Saskia Sassen
Dutch-American sociologist who analyzed globalization, migration, and the making of global cities.
Most quoted
"The global city is a strategic site for the operations of global capital, but also for the formation of new types of social inequalities and new forms of political agency."
— from The Global City: New York, London, Tokyo, 1991
"Globalization is not just about the global; it is also about the national and the local, and the specific ways in which these scales are reconfigured."
— from The Global City: New York, London, Tokyo, 1991
"The global city is not simply a place where global processes are concentrated; it is also a place where these processes are produced and reproduced."
— from The Global City: New York, London, Tokyo, 1991
All quotes by Saskia Sassen (102)
In letters to colleagues, I often reflect that sociology must engage the messiness of lived experience.
Cities are laboratories for democracy and its failures.
The global elite floats above national laws, while the poor are pinned down by them.
Personal reflection: Life's meaning emerges from the intersections of power and resistance.
Witty remark: Globalization? More like global irritation for the displaced.
Key passage: The denationalization of national territory is underway, quietly transforming sovereignty.
In correspondence, I wrote: Urban sociology reveals the hidden scripts of exclusion.

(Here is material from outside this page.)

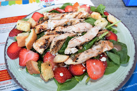 Baby spinach greens, candied pecans, sliced strawberries, cucumbers, fresh grilled chicken breast, garlic croutons, bleu cheese crumbles, and a raspberry vinaigrette.

From an interview: We must rethink citizenship beyond the nation-state.
Observation: The informal sector is the unsung engine of urban resilience.
Aphorism: Borders are not lines on maps; they are sieves for power.
Speech excerpt: In the age of expulsion, solidarity becomes our sharpest tool.
Personal note: Meaning in life is found in the struggle against systemic erasure.
Comeback in debate: Your vision of seamless globalization ignores the human debris it leaves behind.
Key from 'The Global City': Command functions concentrate in a few nodes, amplifying disparities.
Interview quote: Digital divides are the new fault lines of inequality.
Reflection: Sociology teaches us that power is embedded in everyday spaces.
Joke: Why do global cities love immigrants? They do the work no one else wants—literally.
From letters: The personal is geopolitical in the lives of migrants.
Observation on field: Urban studies must center the voices of the marginalized.
Aphorism: Expulsion is the dark twin of accumulation.
Contemporaries of Saskia Sassen
Other Sociologys born within 50 years of Saskia Sassen (1947).